Bike

ISOLATED UNITY

It’s not every day that you vie with teenagers for a podium spot in a dual slalom. In fact, the only other dual slalom I’ve entered was the last time I attended the Hornby Island Bike Fest—so long ago in fact that disc brakes had yet to fully make the crossover from motos to mountain bikes. Another lifetime, in mountain biking terms.

The grassy pastures of Strachan Valley shine like gold bullion in the morning sun, as a hundred-plus crowd of spectators begins to assemble alongside the banked corners and tabletops of Hornby’s legendary dual slalom course.

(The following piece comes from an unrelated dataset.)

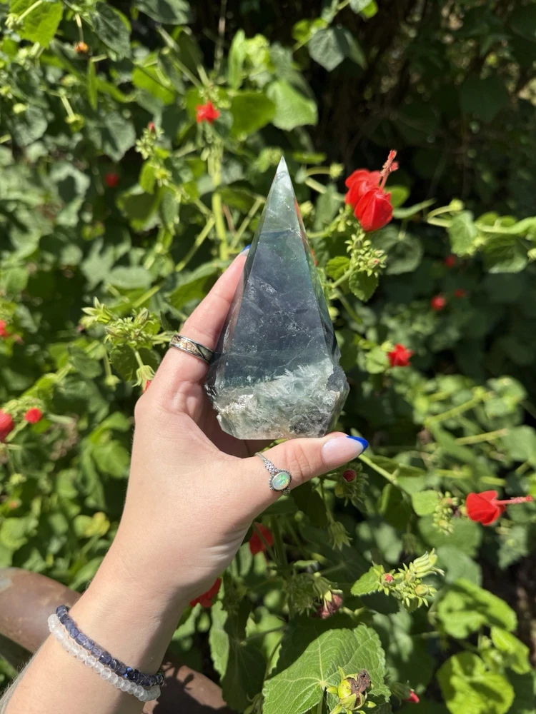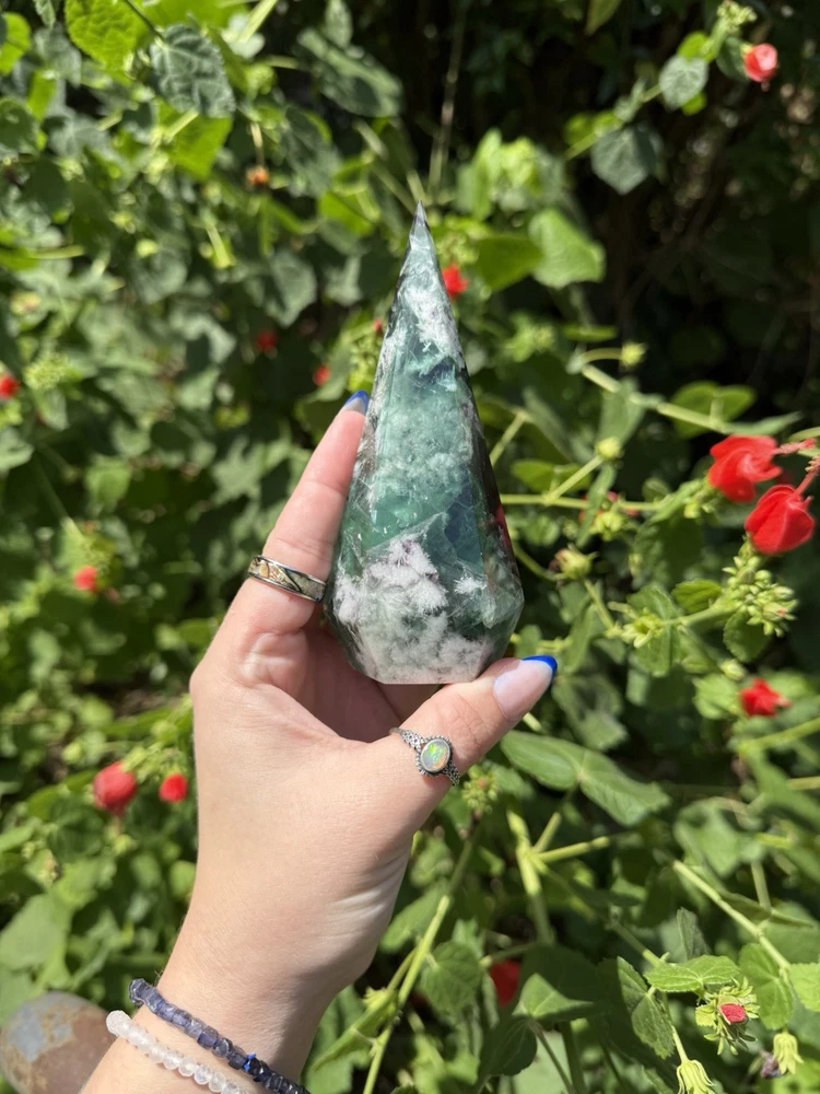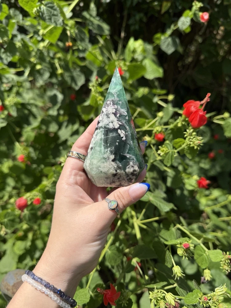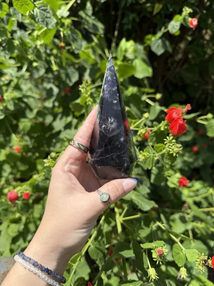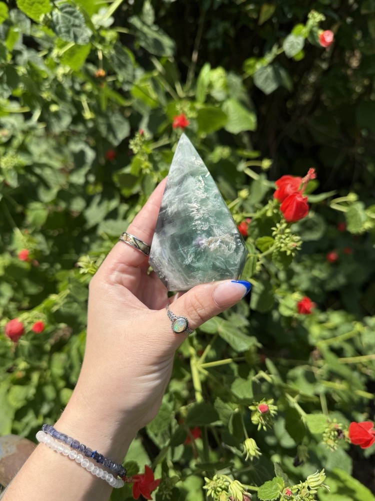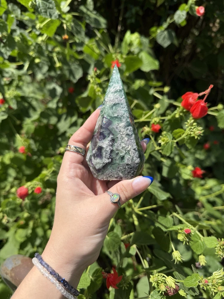 Listing is for one (1) Fluorite Diamond carving. Most have rainbows and natural “druzy” pockets. They weigh between 0.63-0.88lbs. All are intuitively chosen. Renowned for its kaleidoscope of hues, fluorite is a visual feast for the senses. From serene blues and purples to vibrant greens and yellows, each piece of fluorite is a unique work of art, captivating the eye and captivating the soul. As a stone of mental clarity and organization, fluorite serves as a powerful ally in your journey towards productivity and focus. Its gentle yet potent energy clears away mental fog, allowing you to approach tasks with precision and efficiency. With fluorite by your side, you'll experience enhanced concentration, improved decision-making, and a sense of order in the midst of chaos. Fluorite is not only a champion of mental prowess but also a guardian of emotional well-being. Its soothing vibrations gently dissolve negative energies and emotional blockages, creating space for tranquility and inner peace to flourish. By fostering emotional balance and resilience, fluorite helps you navigate life's challenges with grace and self-assurance. Known as the "Genius Stone," fluorite stimulates intellectual growth and promotes the assimilation of information. Whether you're a student, researcher, or simply seeking to expand your knowledge, fluorite amplifies your ability to absorb and retain information. It enhances logical thinking, sharpens your memory, and encourages innovative problem-solving, making it an indispensable tool for learning and personal growth. Beyond its mental and emotional benefits, fluorite is also a potent energy cleanser. Its purifying properties release stagnant energy, rejuvenating your aura and restoring balance to your energetic system. As it clears away negativity, fluorite creates space for positive energy to flow, revitalizing your spirit and enhancing your overall well-being. Immerse yourself in the transformative energy of fluorite and unlock the door to clarity, focus, and inner harmony. Embrace the captivating colors and embrace the wisdom it imparts, as you navigate life's journey with newfound confidence and grace. Discover the mesmerizing allure of fluorite and experience the profound impact it can have on your life, bringing clarity, inspiration, and a renewed zest for living.

It’s just one of the festival’s highlights (along with a trials competition, cross country, enduro and as much music, beer and homespun food as you can consume) that for a decade made it one of British Columbia’s most unusual celebrations of all things knobby. That is until more serious pursuits like having families and getting real jobs started distracting the organizers. But in 2018, when festival co-founder Tig Cross, on whose family farm the event took place, floated the idea of bringing it back after a decade-long hiatus—word spread faster than a wildfire in midsummer.

“I realized there were a lot of people who would be stoked to come back to Strachan Valley,” Cross tells me, alongside another Hornby Island festival pioneer, Sasha LeBaron.